Страница:Полное собрание сочинений Н. С. Лескова. Т. 2 (1902).pdf/159

Эта страница была вычитана


— 158 —


— Что же, другъ: теперь намъ съ тобой уже не сто̀итъ и расходиться, — станемъ жить вмѣстѣ!

— И очень извольте: радъ и готовъ, и даже самъ такъ располагалъ, — отвѣчалъ Ахилла и опять обѣими руками обнялъ протопопа.

Такъ они и остались жить вдвоемъ: Ахилла служилъ въ церкви и домовничалъ, а Туберозовъ сидѣлъ дома, читалъ Джона Буніана, думалъ и молился.

Онъ показывался изъ дома рѣдко, или, лучше сказать, совсѣмъ не показывался, и на вопросы навѣщавшихъ его людей, почему онъ не выходитъ, коротко отвѣчалъ:

— Да вотъ… все… собираюсь.

Онъ, дѣйствительно, все собирался и жилъ усиленной и сосредоточенною жизнью самоповѣряющаго себя духа.
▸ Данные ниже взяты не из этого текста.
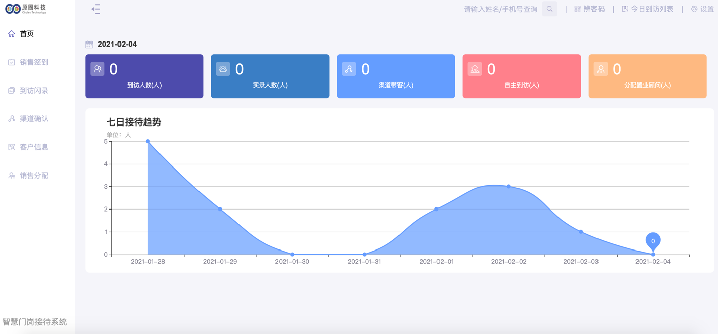 每日来访复访、渠道带客、销售接访数量一目了然
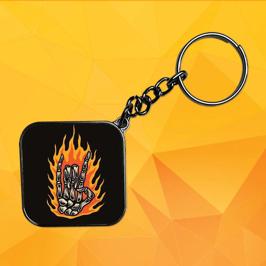 Rockstar Skeleton - Keychain With Silver Border (Pack Of 2)

Ахилла отстранялъ его отъ всякихъ заботъ и попеченій и это давало старцу большое удобство собираться.

Но не долго суждено было длиться и этому блаженству. Ахиллу ждала честь: его бралъ съ собою въ Петербургъ архіерей, вызванный на череду для присутствованія въ синодѣ. Губернскій протодьяконъ былъ нездоровъ.

Разставаніе дьякона съ Туберозовымъ было трогательное, и Ахилла, никогда не писавшій никакихъ писемъ и не знавшій, какъ ихъ пишутъ и какъ отправляютъ, не только вызвался писать отцу Туберозову, но и исполнялъ это.

Письма его были оригинальны и странны, не менѣе чѣмъ весь складъ его мышленія и жизни. Прежде всего онъ прислалъ Туберозову письмо изъ губернскаго города и въ этомъ письмѣ, вложенномъ въ конвертъ, на которомъ было надписано: «отцу протоіерею Туберозову секретно и въ собственныя руки», извѣщалъ, что, живучи въ монастырѣ, онъ отмстилъ за него цензору Троадію, привязавъ его коту на спину колбасу съ надписаніемъ: «сію колбасу я хозяину несу» и пустивъ кота бѣгать съ этою ношею по монастырю.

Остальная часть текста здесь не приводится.